Kiedy Gabby powiedziała że nie może odejść zanim nie porozmawia z Ashley poczułem się zraniony. Myślałem że zostanie ze względu na nas.
- Nie mogę Cię zostawić - powiedziałam do Nicka. Uśmiechnął się. - Możesz wszystko wyjaśnić kierowcy samochodu? - poprosiłam go.
- Pewnie, idź znaleźć Ashley. Mam tu wszystko pod kontrolą.
- DZIĘKUJĘ CI! - powiedziałam przytulając go, potem pobiegłam szukać Ashley. Wbiegłam do tour busa i znalazłam ją rozmawiającą z Joe. - Ashley! - krzyknęłam. Spojrzała na mnie w szoku.
- Co ty tu robisz? - zapytała.
- Popełniłam błąd, naprawdę nie mogę i w dodatku po prostu uciekłabym od problemów - wyjaśniłam. Joe spojrzał na mnie.
- Tak, wszyscy byliśmy bardzo zdenerwowani kiedy powiedziałaś że wracasz do domu. - powiedział. Kilka minut później, wszedł Nick z moimi rzeczami.
- Ile ty masz bagaży? - usiadł. Zaśmiałam się.
- Za mało - stwierdziłam. Spojrzał na mnie i zaśmiał się.
Później tego wieczora.
Gabby siedziała razem ze mną na moim łóżku. Grałem dla niej piosenki a ona śpiewała. Byłem szczęśliwy że zdecydowała się zostać, nawet jeśli jej rodzice spodziewali się pewnie że już niedługo znów ją zobaczą.
- Gabby, cieszę się że zostałaś - powiedziałem z uśmiechem. Spojrzała na mnie i odwzajemniła gest.
- Ja też - skinęła głową. Słyszałem Joe i Ashley grających w Rock Band.
- Wiesz jeśli Ashley nie wygra, NIE będzie przyjemnie.
- Bardzo lubi wygrywać? - zapytałem. Gabby skinęła głową.
- Tak, nawet jeśli jest to zwykła bitwa wodna - stwierdziła. Zaśmiałem się.

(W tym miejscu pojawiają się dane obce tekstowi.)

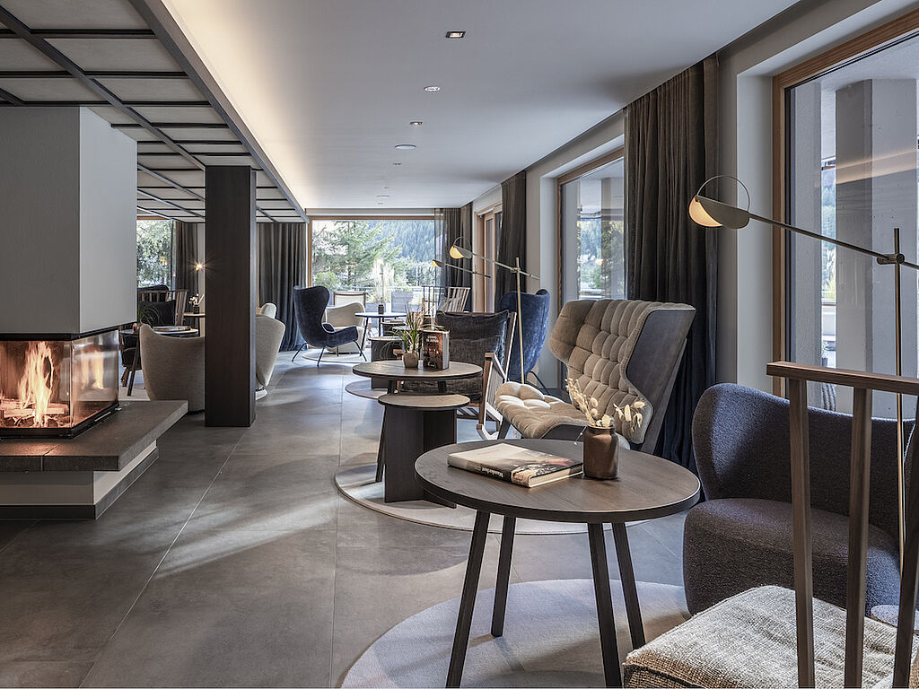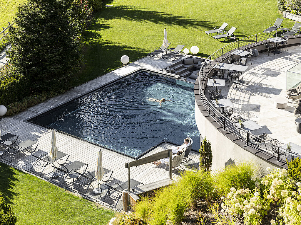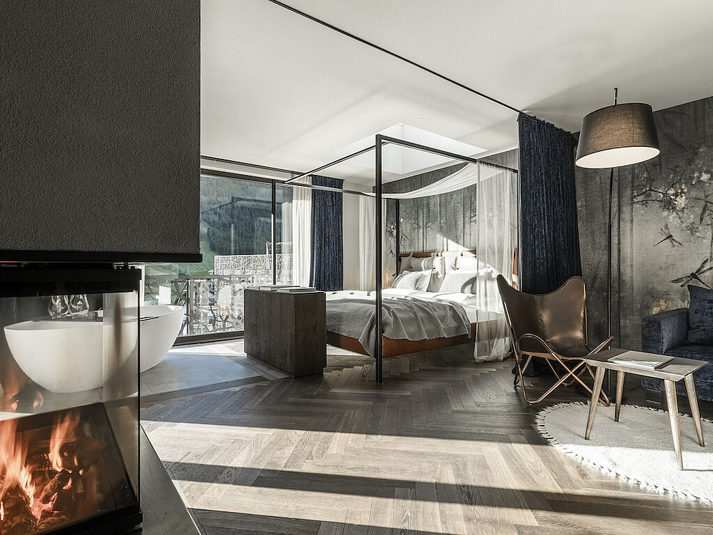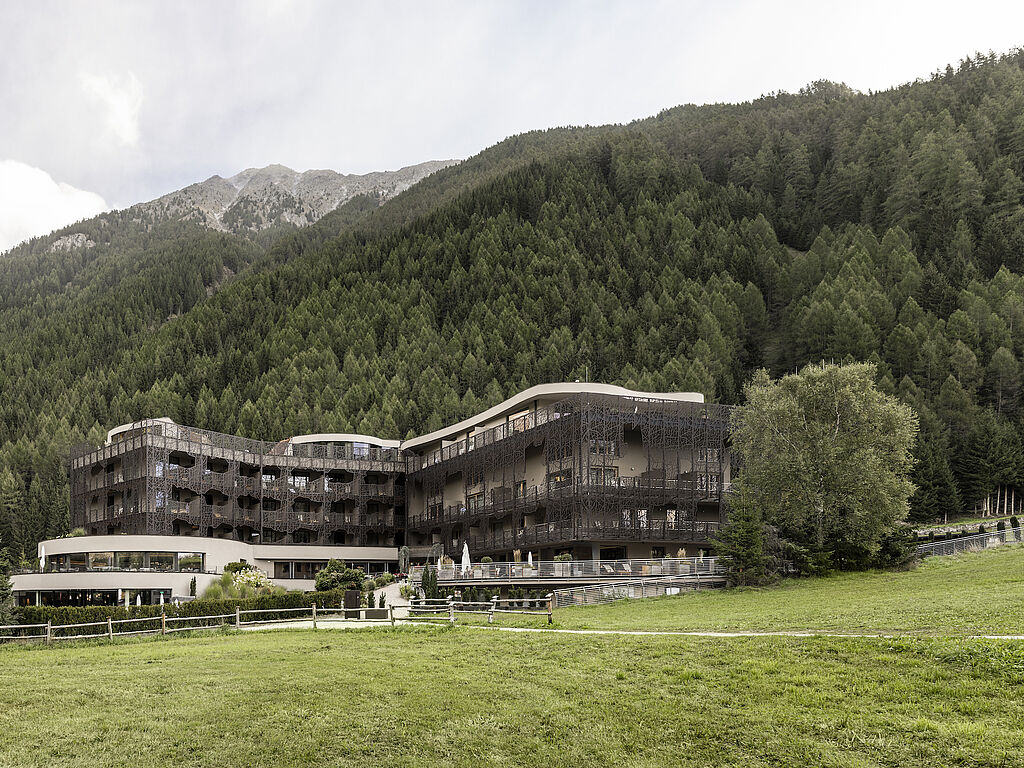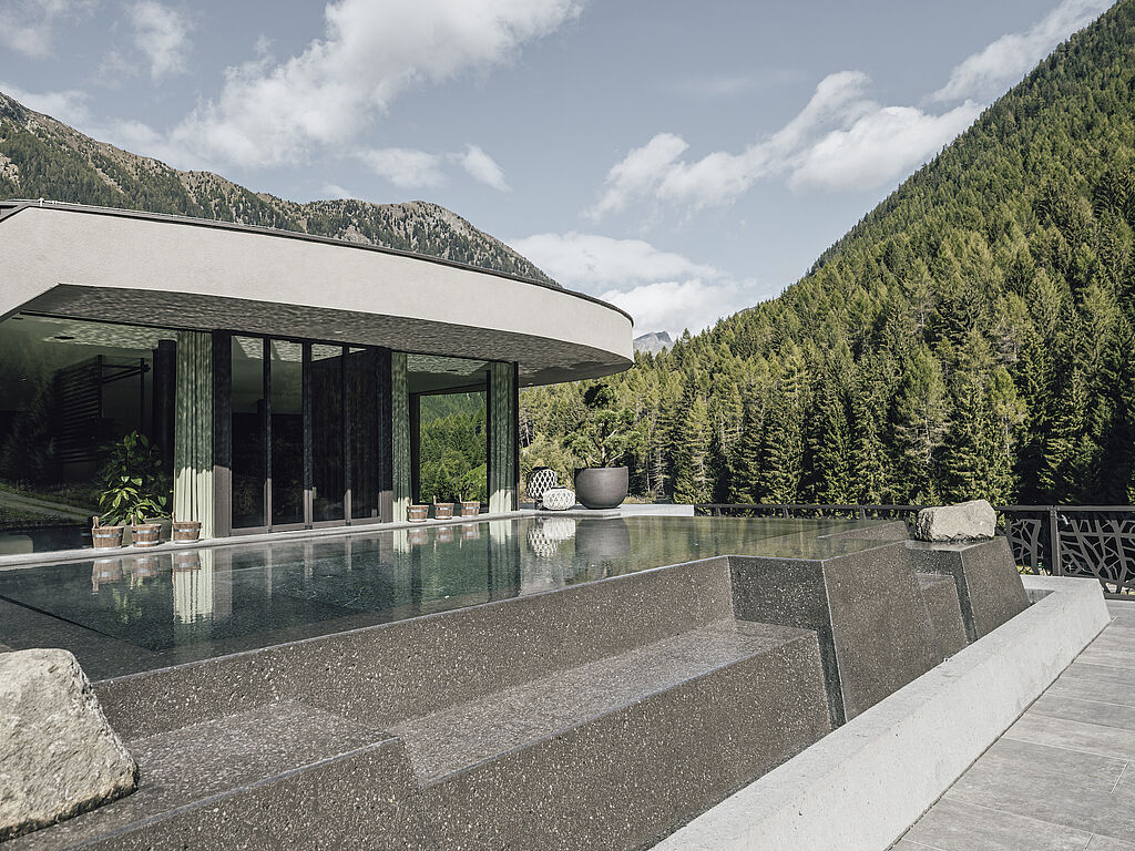 Auf der Dachterrasse findet man den 40 Grad warmen Onsen Infinity-Pool. Im heißen Quellwasser der Valser Berge ‒ angereichert mit Mineralien aus dem Vulkangestein des Schlerngebiets, dem Seiser Basalt, genießt man beinahe schwerelos die tief bewaldeten Hänge des Valser Hochmoors. Während der Körper Wärme, Revitalisierung und Harmonie erfährt, werden alle Sinne angeregt: Plätscherndes Wasser rinnt über den Lavastein, Feuer knistert, die frische Bergluft kühlt die feuchte Haut.
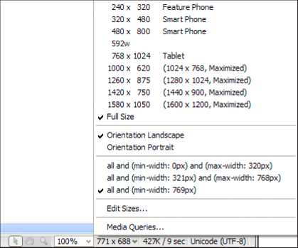 Selezionate una delle opzioni visualizzate nel menu a comparsa Dimensioni finestra situato nella parte inferiore della finestra del documento. Dreamweaver CS5.5 e versioni successive offrono un elenco esteso di scelte, comprese le opzioni specifiche per i più diffusi dispositivi mobili (come descritto di seguito).
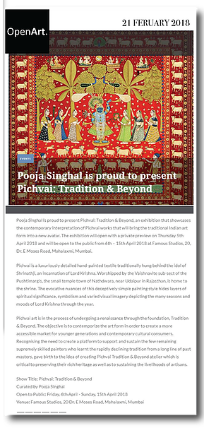 OpenArt Pooja Singhal is proud to present Pichvai: Tradition & Beyond Feb 21, 2018
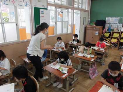 今日は,計算カードを使って,計算名人を目指しました。カードに書いてある式を読み上げながら答えも考えるようにすることで,スムーズに計算ができていました。
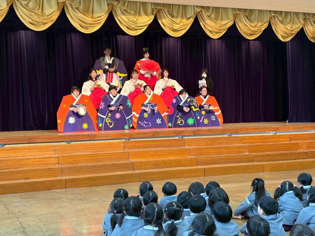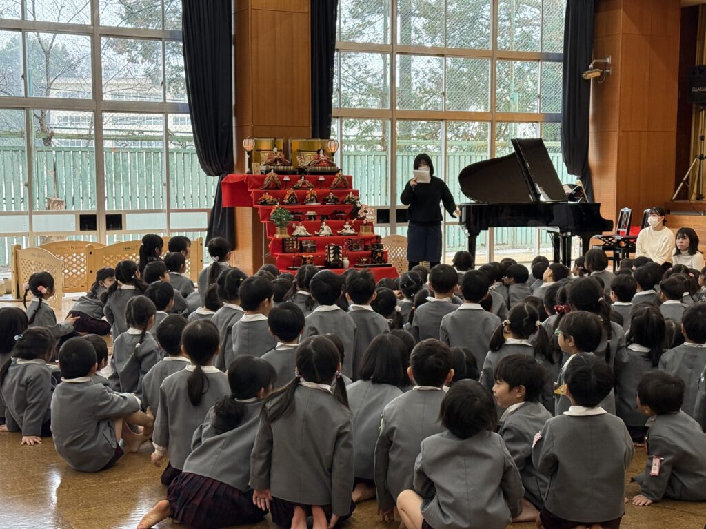 雛人形に変身した先生が登場し、ひなまつりの由来やそれぞれの役割について楽しく知ることができました。おひなさまのクイズでもお話をよく聞き、正解したおともだちがたくさんいましたね👏
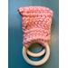 This kitchen towel holder is made of 100% acrylic yarn.   It is designed to go over a drawer pull or oven door handle.  The towel is then placed through the two wooden rings to hold the towel firmly in place.   These have been a life changer for me!  No more bending down and picking up the towel off the floor constantly!
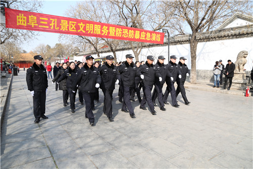 曲阜三孔景区反恐防暴应急演练 华威保安展雄姿
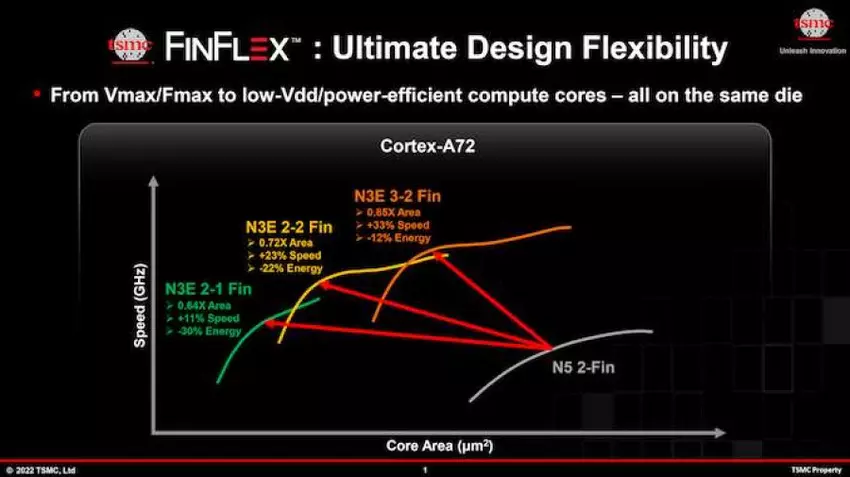 Außerdem führte TSMC GAAFETs (Gate-All-Around-Feldeffekttransistoren) ein. Die neuen Nanoblatt-Transistoren erhöhen die Leistung pro Watt, indem sie den Widerstand verringern.
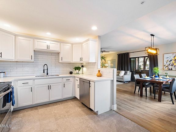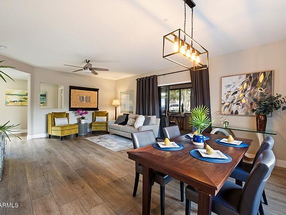 This beautifully updated condo in the sought-after gated community of Ladera Vista has everything your buyer could want! Remodeled in a modern gray and white palette, it features updated fixtures, lighting, cabinets, countertops, paint, wood-look flooring, and carpet in the bedrooms. The stylish kitchen boasts stainless steel appliances and a pantry, while the split master suite offers private patio access. Bright, open bathrooms include updated shower surrounds. This unit also features a new HVAC, all-electric appliances, and a stackable washer/dryer. The bonus room/patio adds charm and extra living space perfect for enjoying the Arizona weather. Just steps from the community pool and spa, with easy access to the 101, plus fantastic dining and shopping nearby. This is a true gem!

Uwielbiam spędzać czas z Nickiem. Gra różne piosenki na swojej gitarze a ja czasem śpiewam. Byłam szczęśliwa że ja i Ashley wszystko sobie wyjaśniłyśmy. Kiedy Nick grał Stay, rozejrzałam się i zdałam sobie sprawę z tego że właśnie tu chciałam teraz być. Chciałam tu być z moimi przyjaciółmi, chłopakiem i rodziną Jonasów.
Byliśmy w tour busie dopóki nie dotarliśmy do Nowego Jorku, ale jazda. Była pora na wieczorek filmowy Joe i zdecydował się na Króla Lwa. Zaśpiewał nawet wszystkie piosenki. Ashley i ja nakręciłyśmy go.
Chyba wszystko wróciło do normy takiej w jakiej powinno być. Gabby i Ashley śmiały się z Joe, Kevin i Danielle oglądali zachowując się jak nasi rodzice, a ja po prostu cieszyłem się czasem który z nimi spędzałem.
Kiedy film się skończył poszliśmy wszyscy do łóżek, ale Joe był tak podekscytowany Królem Lwem że nie mógł zasnąć. Razem z nim zakradłam się do salonu i graliśmy w Lego StarWars na WII. Graliśmy do trzeciej nad ranem i potem poszliśmy spać.
Nie zmieniłabym nic w swoim życiu. Kocham je takie jakie jest. W końcu żyję swoim marzeniem, kto wie co przyniesie jutro.